This is a wine-growing region of France. It produces the most expensive Pinot noir and Chardonnay wines from some of the most classified vineyards in the world. Wine from the Côte-d'Or was a favorite of the emperor Charlemagne. Other crops include cereal grains and potatoes. Sheep and cattle are also raised in the department. The region is famous for Dijon mustard.

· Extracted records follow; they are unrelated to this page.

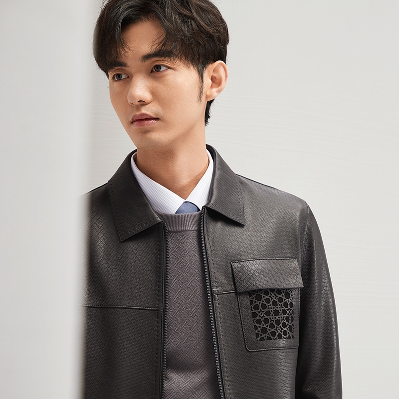 【绵羊皮】柒牌清仓真皮翻领皮衣男秋冬时尚潮流百搭工装外套
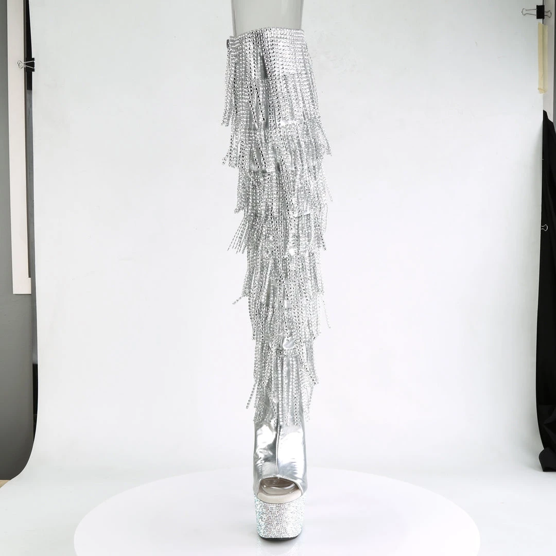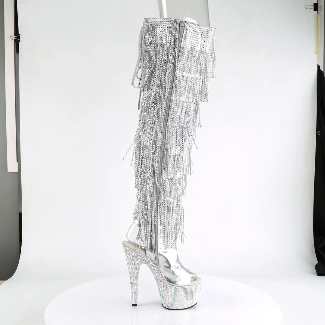 Bejeweled 3019RSF-7Â Silver Rhinestone Fringe Thigh High Boots by Pleaser ShoesÂ
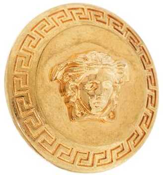 Versace stud earrings in brass with Gold Tribute finish, featuring the iconic Greek Key engraved around the circumference and a raised Medusa head. Back closure with butterfly clasp. For pierced ears. Lead and nickel free.
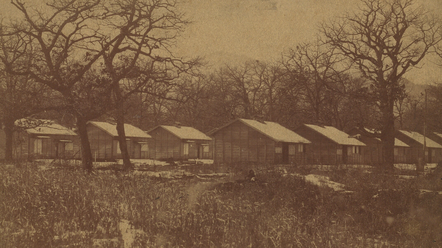 ⑥山田勝伴『開拓使最初の屯田兵』掲載の「出来上がりし兵屋」(出典:北海道屯田倶部)

There are coal mines and heavy industry, including steel, machinery, and earthenware.
The industries most developed in Côte-d'Or are
- agriculture and food (14% of employees)
- metallurgy and metal manufacture (12% of employees)
- chemicals, rubber and plastics (12% of employees)
- pharmacy
- electrical and electronic components and equipment
- wood and paper industries.
The big works are generally in the conurbation of Dijon although the biggest (CEA Valduc) is at Salives in the Plateau de Langres. There is also the SEB metal works at Selongey below the plateau on the margin of the Saône plain and the Valourec metalworking group at Montbard in the west of the department on the River Brenne near its confluence with the Armançon. The Pharmaceutical industry has shown the greatest growth in recent years. However, since the Dijon employment statistics zone includes the urban and administrative centre of the Burgundy region, the service sector is proportionately bigger there in relation to the industrial, than in the other three zones of Côte-d'Or.
- Reference Industry in Bourgogne website

==Transport==
===Air===
Côte-d'Or is served by Dole–Jura Airport which is located 51 km south east of Dijon. However, the airport only provides flights to limited European destinations. Residents in Côte-d'Or would normally use Lyon-Saint Exupéry Airport, Geneva Airport and EuroAirport Basel Mulhouse Freiburg which provide more domestic and international destinations.

== Tourism ==
Some of the major tourist attractions are the Gothic abbey church of Saint-Seine-l'Abbaye and the 11th-century Romanesque abbey church at Saulieu, as well the 12th-century Château de Bussy Rabutin at Bussy-le-Grand. The Abbey of Cîteaux, headquarters of the Cistercian Order, lies to the east of Nuits-Saint-Georges in the south of the department.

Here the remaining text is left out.